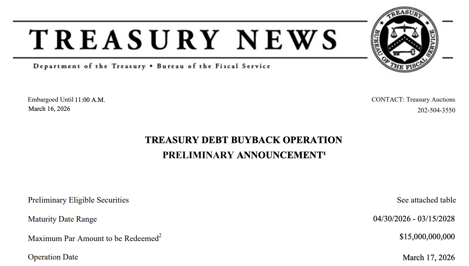 BlockBeats News, March 17th, according to Barchart, the US Treasury is expected to repurchase $15 billion of domestic government debt today, exceeding last week’s $14.7 billion, making it the largest buyback in history.
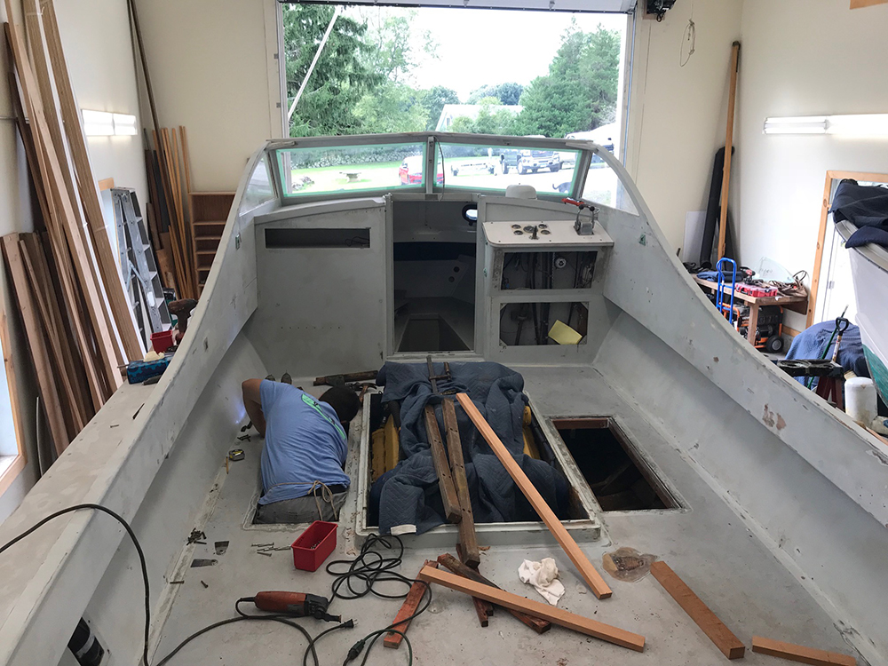 Remove unwanted hardware, radar mast, old electronics, and ancient bimini and frame; old seating and all cushions
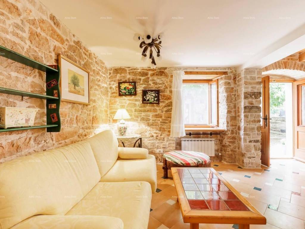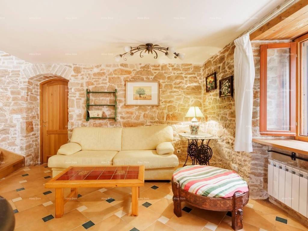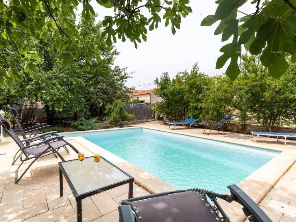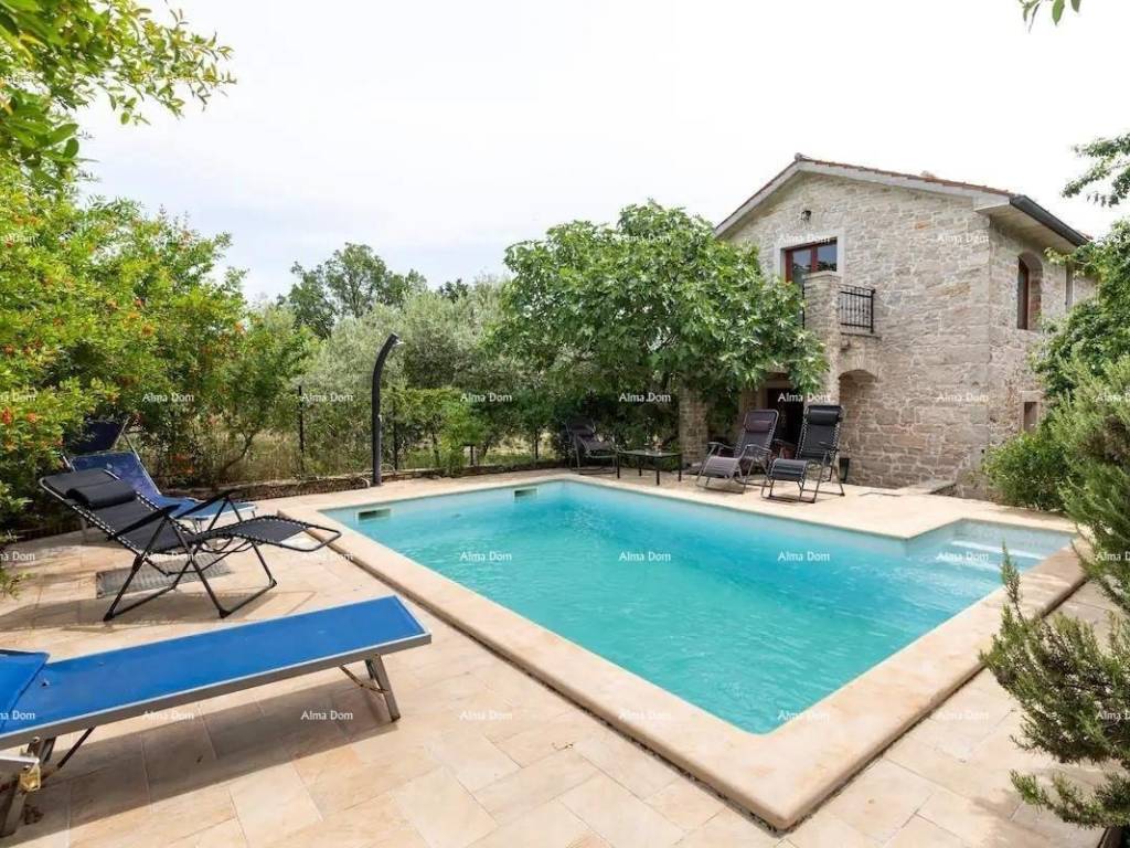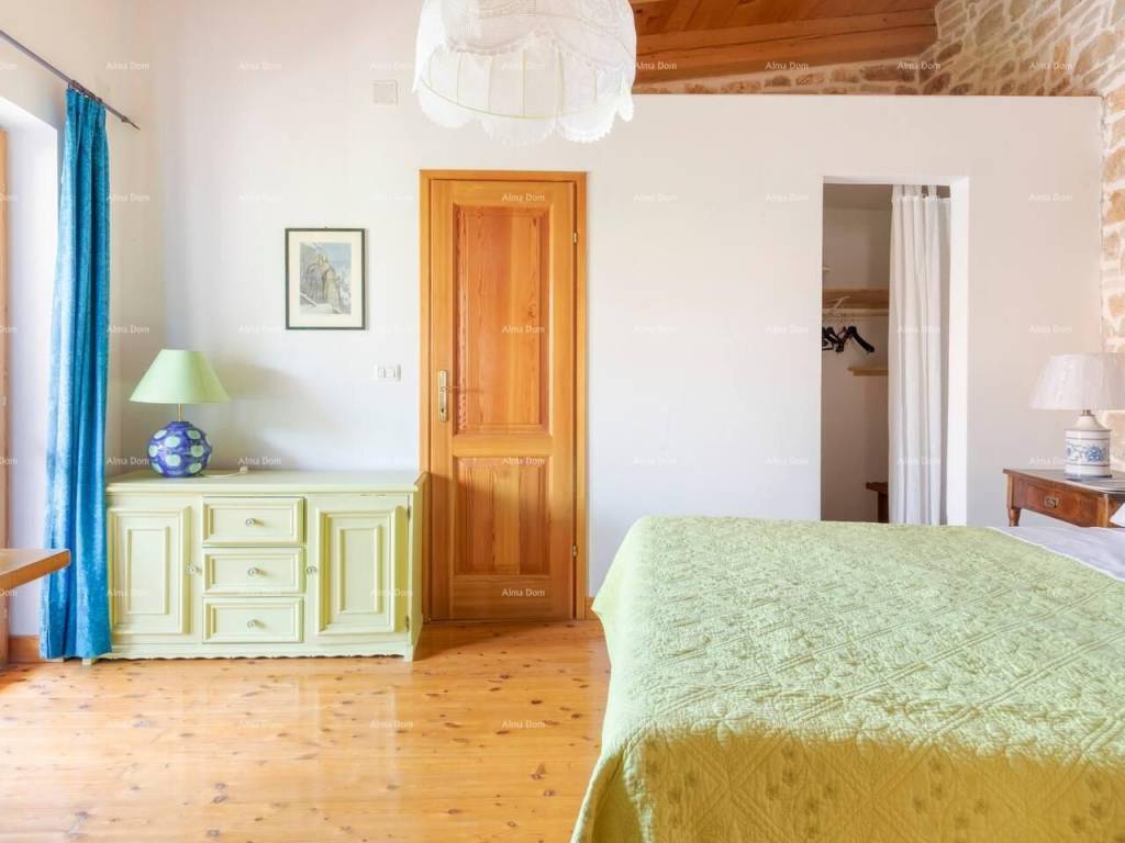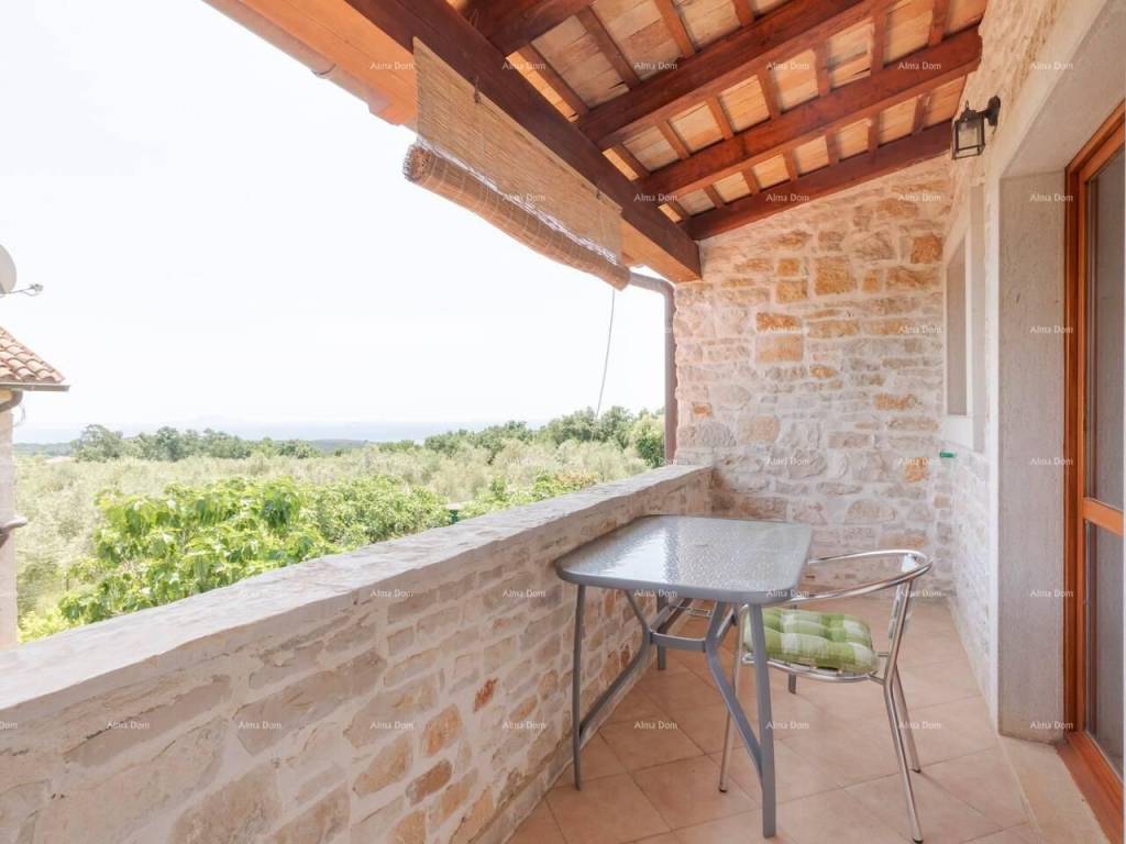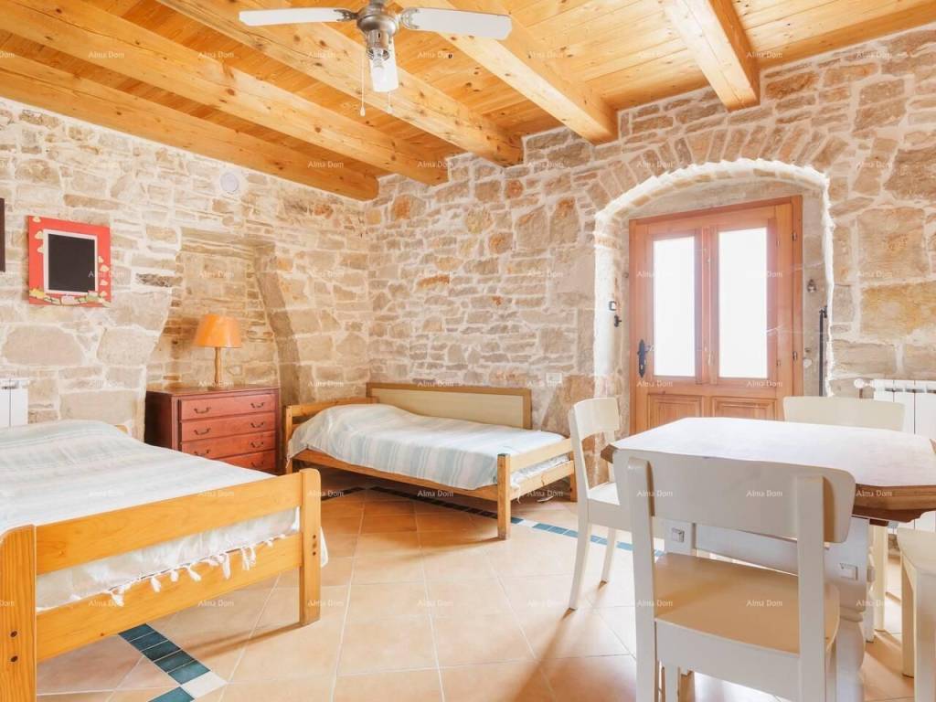Two stone houses with a swimming pool, Istria, 20 km from Pula, 2.5 km from the sea. Beautifully renovated and furnished, sea view, with terraces and porches. 7 bedrooms with private bathrooms, air conditioning on the upper floors, 2 kitchens and 2 living rooms, barbecue, private parking. This is a single property consisting of 2 stone buildings with sea and pool views. the garden is partly in the shade of figs and yellow plums that ripen alternately from May to October. The garden is located between two buildings and allows you some privacy even if the house is located in the village. There are two tables outside that allow you to meet in the shade of the porch. 5 rooms have a private outdoor space that also allows you to isolate yourself from others.
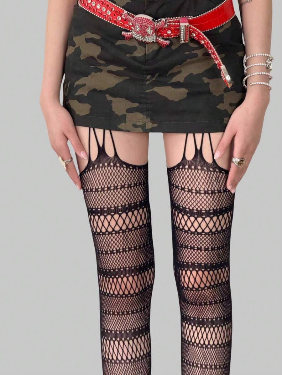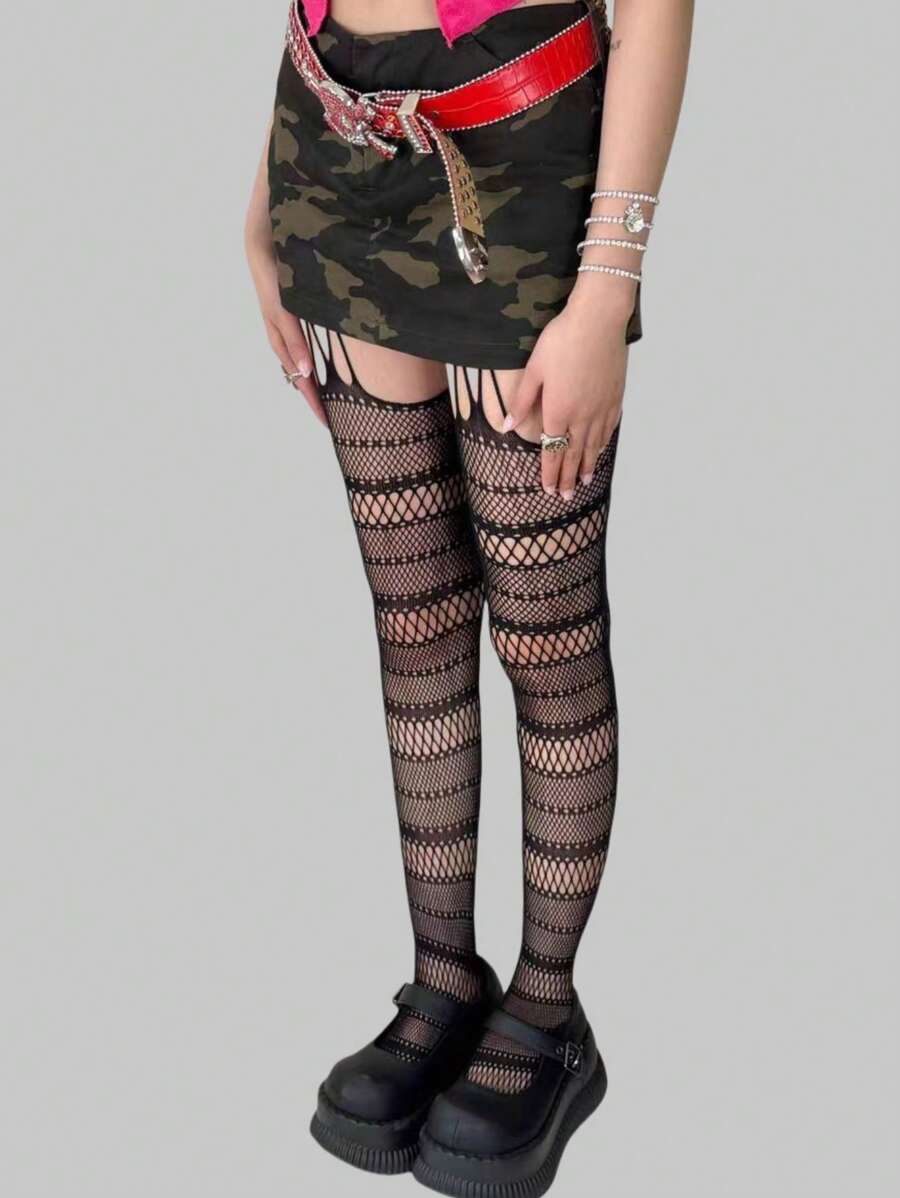 Grunge Punk 1 paio di calze a rete nere scure con motivo geometrico traforato
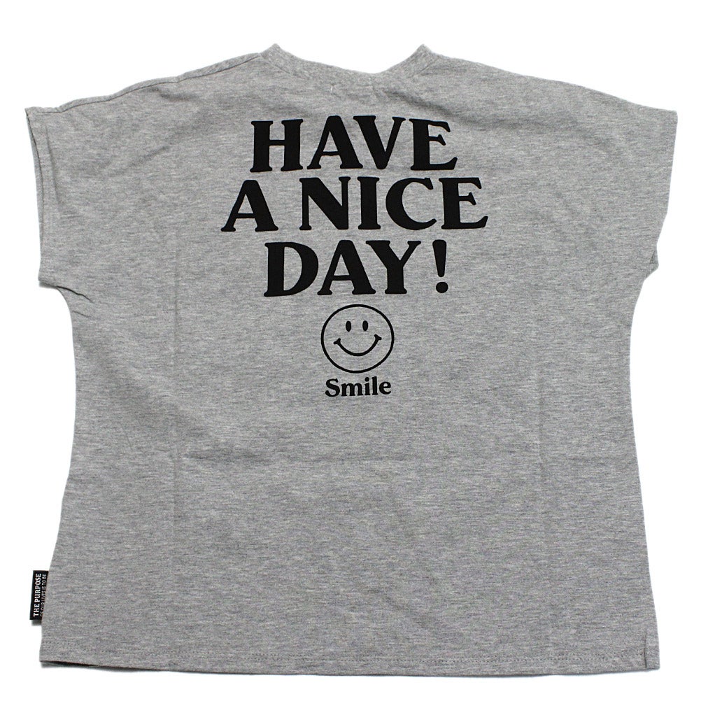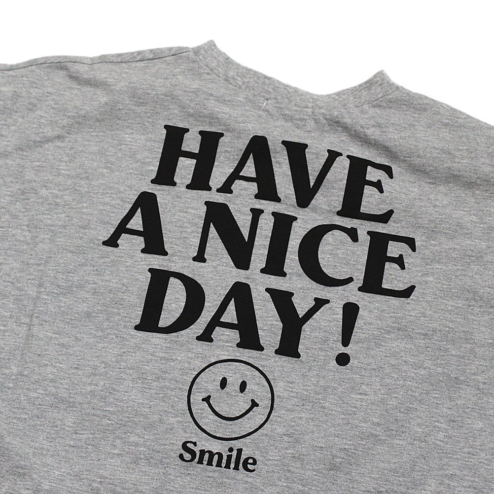 [ニードルワークス] スマイル柄ワイドTシャツ グレー
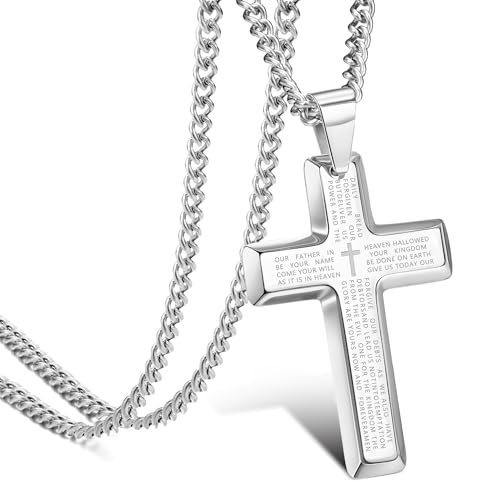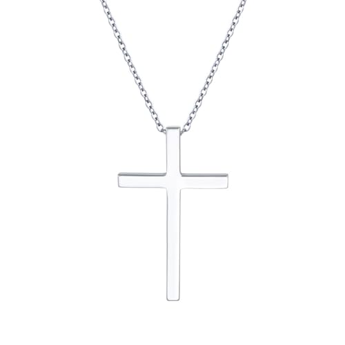 Hshenjhu Korskedja, kors halsband smycken rostfritt stål för män kvinnor, hänge ljusäkta svettbeständig med 60 cm kedja, dopkedja för kristendom gåva nattvardsgång konfirmation, silver

★ ★ ★ ★ ★

THE PROBLEM: Starting at the line that holds "[ニードルワークス] スマイル柄ワイドTシャツ グレー", copy each line exactly through the end of the material above, keeping both ends and dropping the pictures.

RESULT OF THIS EXERCISE:
 [ニードルワークス] スマイル柄ワイドTシャツ グレー
 Hshenjhu Korskedja, kors halsband smycken rostfritt stål för män kvinnor, hänge ljusäkta svettbeständig med 60 cm kedja, dopkedja för kristendom gåva nattvardsgång konfirmation, silver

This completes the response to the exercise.